Heather leaned forward. “Tell me, what does it mean to be a Seeker? What am I looking for?”

“How to live. How to forgive. How to die,” Jon said.

“How to die?” Heather said.

“Finding a good death is hard. You really don’t want to be a martyr. Unless you want to start a new religion,” Jon said. “There are times on the road, you got to kill the Buddha, and then there are times when you should let the Buddha kill you.”

“Is that a metaphor? Is that what Glenda the Good did back there?” Heather said.

“I don’t know. I don’t know if she did the right thing. That’s between her and Orish. I know she’s not dead,” Jon said.

“The fuck she’s not dead,” Heather said.

“You’re upset,” Jon said. “Who did she remind you of?”
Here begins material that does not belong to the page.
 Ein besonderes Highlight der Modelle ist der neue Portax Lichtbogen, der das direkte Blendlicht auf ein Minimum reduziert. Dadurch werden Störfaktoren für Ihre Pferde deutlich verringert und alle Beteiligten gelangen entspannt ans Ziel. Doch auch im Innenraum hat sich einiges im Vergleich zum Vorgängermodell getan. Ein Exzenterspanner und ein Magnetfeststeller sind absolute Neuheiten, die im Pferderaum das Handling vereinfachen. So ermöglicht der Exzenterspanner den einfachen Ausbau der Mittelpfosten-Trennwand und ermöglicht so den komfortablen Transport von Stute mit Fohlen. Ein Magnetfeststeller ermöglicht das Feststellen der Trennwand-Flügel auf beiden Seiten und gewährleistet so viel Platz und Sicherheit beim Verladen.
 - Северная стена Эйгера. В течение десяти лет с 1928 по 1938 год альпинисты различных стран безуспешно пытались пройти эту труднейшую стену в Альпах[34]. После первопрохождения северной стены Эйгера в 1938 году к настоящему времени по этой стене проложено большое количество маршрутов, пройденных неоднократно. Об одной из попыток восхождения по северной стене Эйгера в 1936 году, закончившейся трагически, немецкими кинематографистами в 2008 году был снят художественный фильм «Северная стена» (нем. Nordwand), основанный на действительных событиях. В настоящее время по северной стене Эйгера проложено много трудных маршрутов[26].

“No one,” Heather said, sulking back into her chair.

“So, she was an archetype, then,” Jon nodded.

“What does that even mean?” Heather asked.
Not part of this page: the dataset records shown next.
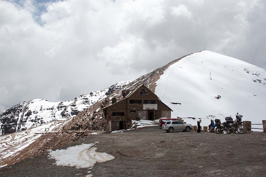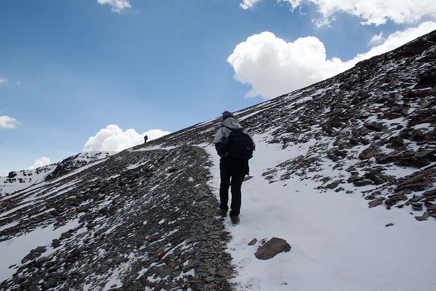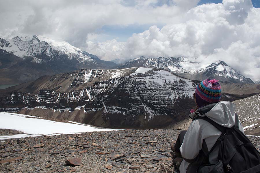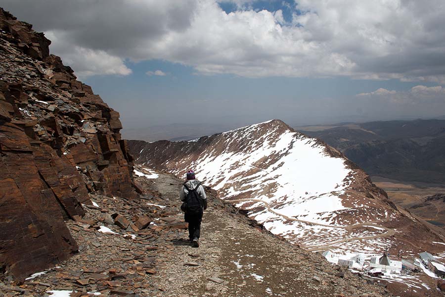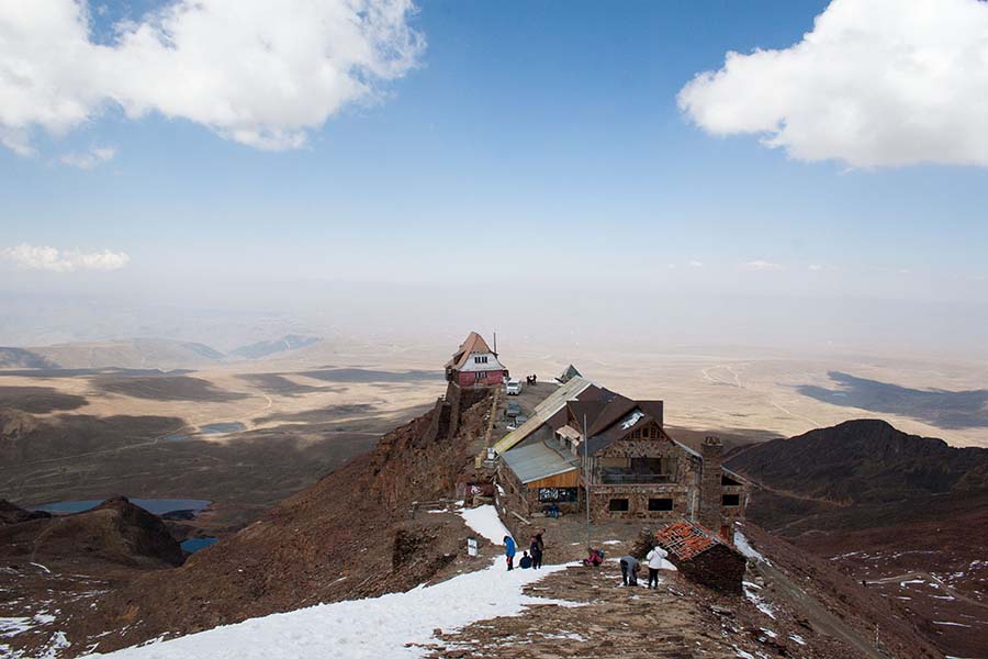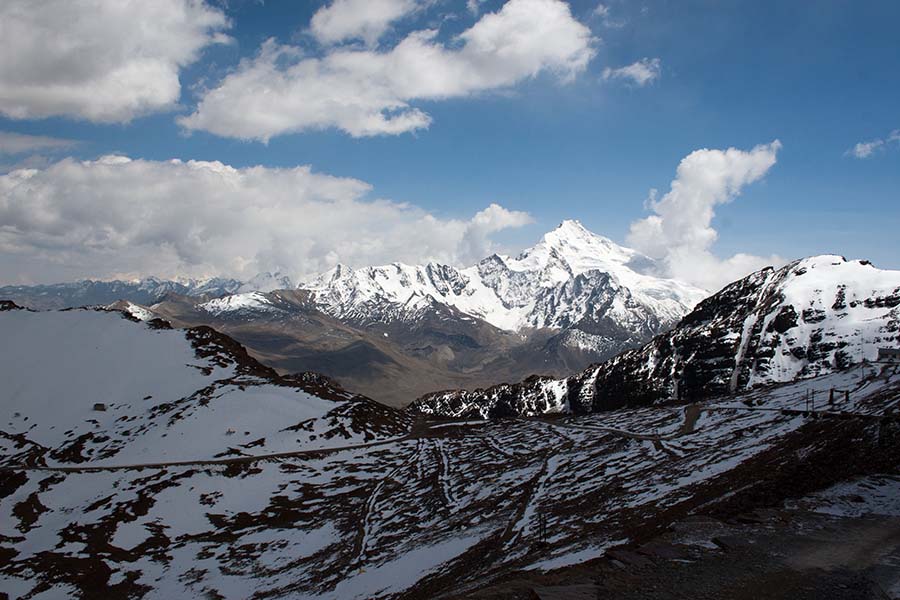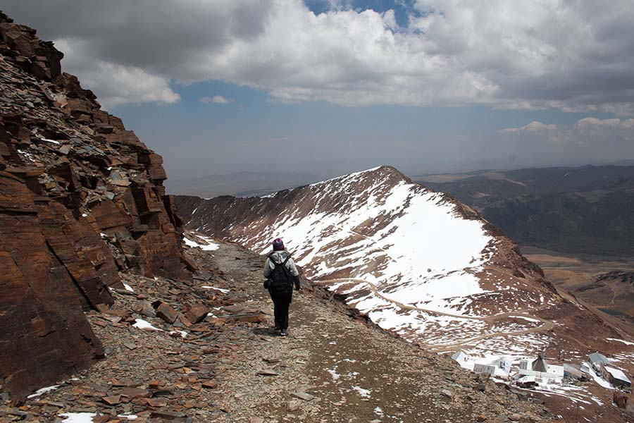 Romain : Après un petit-déj avec du quinoa soufflé, nous prenons le bus de l’agence pour partir vers le Chacaltaya. Après avoir ramassé tous les participants, nous commençons l’ascension vers les quartiers plus pauvres de La Paz. Pour ce petit bus 4x4 ^, c’est un vrai exploit vu comment il est chargé ! Après être sorti de la ville dont les « routes » ne sont déjà pas un exemple, nous entamons une piste particulièrement défoncée. Nous finissons par voir le Huayna potosi, magnifique, derrière un lac aux couleurs étranges, dues aux algues, bactéries et aux cristaux présents tels que l’arsenic. Il donne des couleurs changeant en fonction de la luminosité, la température… Nous continuons la piste qui se fait de moins en moins large et de plus en plus défoncée. Après une montée très longue, nous arrivons aux vestiges de la station de ski du Chacaltaya, en son temps la plus haute du monde avec 5300m ! Mais le sommet n’est pas encore là, on doit encore faire environ 150m de dénivelé à pied. Arrivés à 5435m, le voilà le sommet ! Quelle vue, c’est magique ! L’impression d’être sur le toit du monde. En face, le Huayna potosi encore plus haut et dans le fond, le lac Titicaca !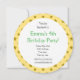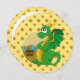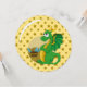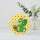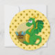 Print invites for birthday party with illustration of cute green dragon guardian guarding a treasure, on seamless golden yellow pattern with stars, fantasy fairy-tale design for kids; suitable for girls and boys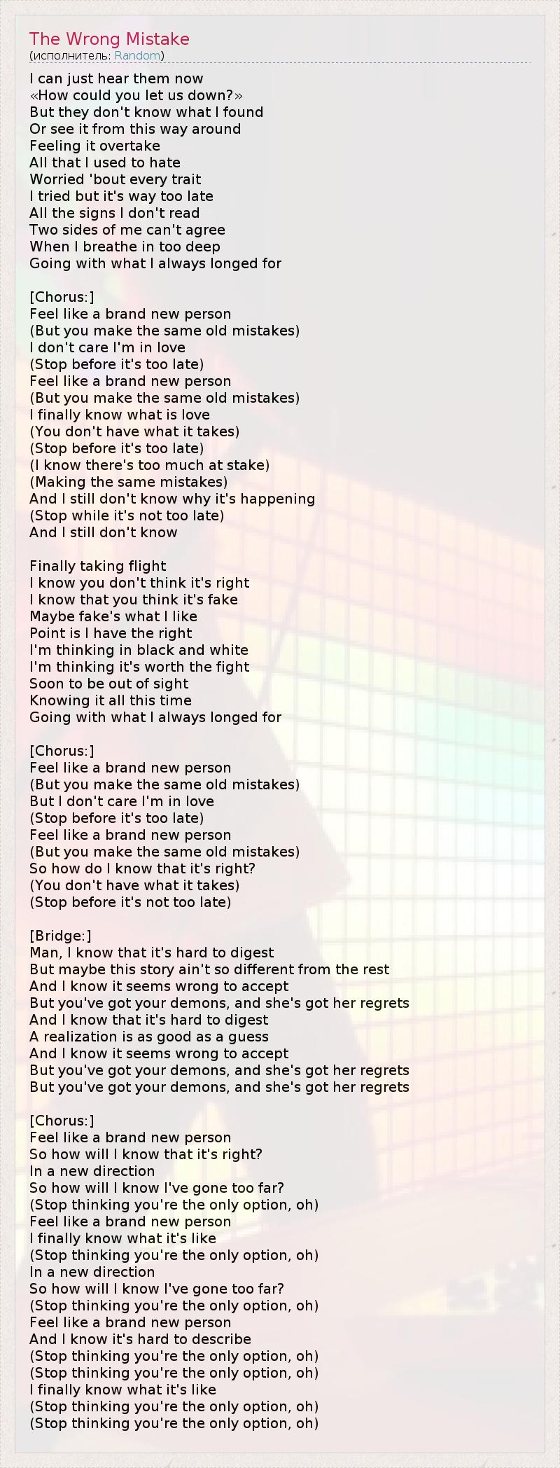 I can just hear them now «How could you let us down?» But they don't know what I found Or see it from this way around Feeling it overtake All that I used to hate Worried 'bout every trait I tried but it's way too late All the signs I don't read Two sides of me can't agree When I breathe in too deep Going with what I always longed for [Chorus:] Feel like a brand new person (But you make the same old mistakes) I don't care I'm in love (Stop before it's too late) Feel like a brand new person (But you make the same old mistakes) I finally know what is love (You don't have what it takes) (Stop before it's too late) (I know there's too much at stake) (Making the same mistakes) And I still don't know why it's happening (Stop while it's not too late) And I still don't know Finally taking flight I know you don't think it's right I know that you think it's fake Maybe fake's what I like Point is I have the right I'm thinking in black and white I'm thinking it's worth the fight Soon to be out of sight Knowing it all this time Going with what I always longed for [Chorus:] Feel like a brand new person (But you make the same old mistakes) But I don't care I'm in love (Stop before it's too late) Feel like a brand new person (But you make the same old mistakes) So how do I know that it's right? (You don't have what it takes) (Stop before it's not too late) [Bridge:] Man, I know that it's hard to digest But maybe this story ain't so different from the rest And I know it seems wrong to accept But you've got your demons, and she's got her regrets And I know that it's hard to digest A realization is as good as a guess And I know it seems wrong to accept But you've got your demons, and she's got her regrets But you've got your demons, and she's got her regrets [Chorus:] Feel like a brand new person So how will I know that it's right? In a new direction So how will I know I've gone too far? (Stop thinking you're the only option, oh) Feel like a brand new person I finally know what it's like (Stop thinking you're the only option, oh) In a new direction So how will I know I've gone too far? (Stop thinking you're the only option, oh) Feel like a brand new person And I know it's hard to describe (Stop thinking you're the only option, oh) (Stop thinking you're the only option, oh) I finally know what it's like (Stop thinking you're the only option, oh) (Stop thinking you're the only option, oh)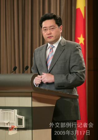 2009年3月17日下午,外交部發言人秦剛主持例行記者會,就朝鮮總理訪華、六方會談、巴基斯坦政局等回答記者提問。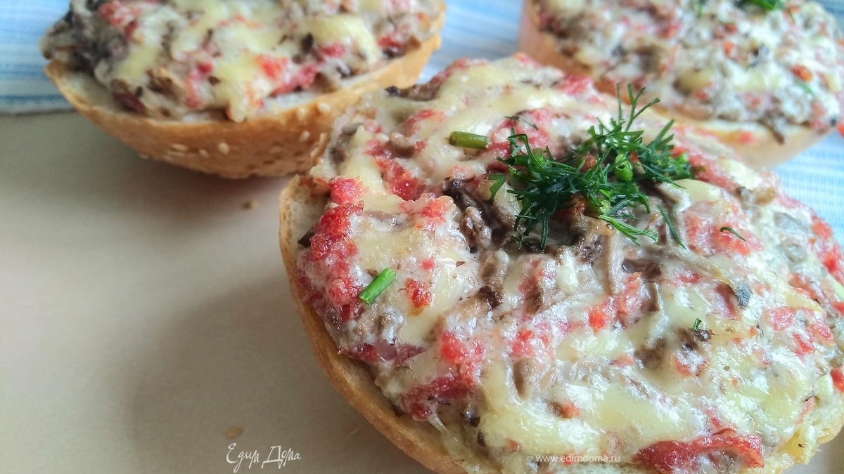 Укладываем готовую начинку на булочки. Отправляем в разогретую духовку на 10–15 минут. - Шаг 6

“Human perspectives are naturally limited, and we hit archetypes all the time. Good and evil are the easiest walls to define. The unfortunate part is that those walls fails to encapsulate the infinities that exist on the other sides of those walls. There are more levels to this reality than humans are aware of. In general,” Jon said.
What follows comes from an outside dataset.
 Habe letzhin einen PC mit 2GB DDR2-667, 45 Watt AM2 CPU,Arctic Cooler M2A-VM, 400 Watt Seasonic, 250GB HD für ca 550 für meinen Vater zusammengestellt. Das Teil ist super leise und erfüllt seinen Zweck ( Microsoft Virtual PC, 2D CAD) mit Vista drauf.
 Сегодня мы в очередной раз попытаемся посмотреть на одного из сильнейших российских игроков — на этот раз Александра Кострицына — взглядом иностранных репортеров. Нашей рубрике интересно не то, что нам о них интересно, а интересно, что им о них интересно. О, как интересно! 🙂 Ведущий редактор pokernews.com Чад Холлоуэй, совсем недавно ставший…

“I don’t buy that. I know what I know,” Heather said.

“What you know is solid,” Jon said. “I won’t take that from you.”

“You say that, but you’ve been pushing on my paradigm since we met,” Heather said.

“I challenge you,” Jon agreed. “I am sorry.”

“What?”

Jon’s brow furrowed. “I am not going to say this well. Knowing what you know of me now, you probably won’t believe me, and I don’t expect you to. Just hear all of it before you think or interrupt. I loved you from the moment I first saw you. That means something on multiple levels. Had you and I hooked up, the world would have stopped for me and I would stayed in that heaven as long as you would have allowed. The power of my connection to you is primal, suggesting you remind me of someone from my past who I wanted to help or heal, but can’t and so I want to do it vicariously. Given your wounds, I suspect if I said I loved you, you would have walled yourself off and shut down any doors to you- which would pushed me into zealously pursuing to the point of being perceived as crazy. This dance has a name. Distancer-Pursuer. You’d be surprised how many terms define real things. Re-enactment. That’s a bizarre label, but a solid term. We all participate in that thing to some degree. We all have autopilot. Letting go of you, or the idea of you, or the idea of us, well- that’s a kind of a death. Embracing you is also a death. I had to let go and embrace that there wasn’t going to be an us. I did. I moved on. Then here you are, and all those feelings of wanting and love, they came back and then some. And again, I had to let go because I can’t hold you. Being a Seeker, to me, means finding the best me and the best death. Selfishly, I want you and I would have cherished you. To fight for that is a level of crazy I don’t want to be. I want to be quiet and wise. Sometimes I am that. And maybe I the fool am letting go because I don’t know how to do this thing better. Maybe I will never meet Loxy in real life. I know she is an archetype. Or a spirit guide. I don’t know. But with us, time has passed and we have made choices, and there is someone else who stepped up to engage me in a dance, and I engaged back, and I am going to see it through to the best of my ability, and so again- this idea of us not being an us is a death. I am sorry I failed you.”

“Get off my bridge,” Heather said.

Jon nodded. He stood to leave. He stopped. “This part gets easier, Heather. Each consecutive level is a bitch. Gaming analogy. Identify the boss, embrace, move on.”

Jon nodded to pilot and left the bridge.

 As soon as he was gone, pilot commiserated with her. “If you like, I could vent them all into space?”

“What’s wrong with you?!” Heather snapped. “Just get us to the artifact. Now. Before any more cliché diatribes can happen.”

Karma arrived on the Bridge.

“Not now,” Heather snapped.

Karma brought her a tea anyway. Heather frowned, accepted, and Karma retreated.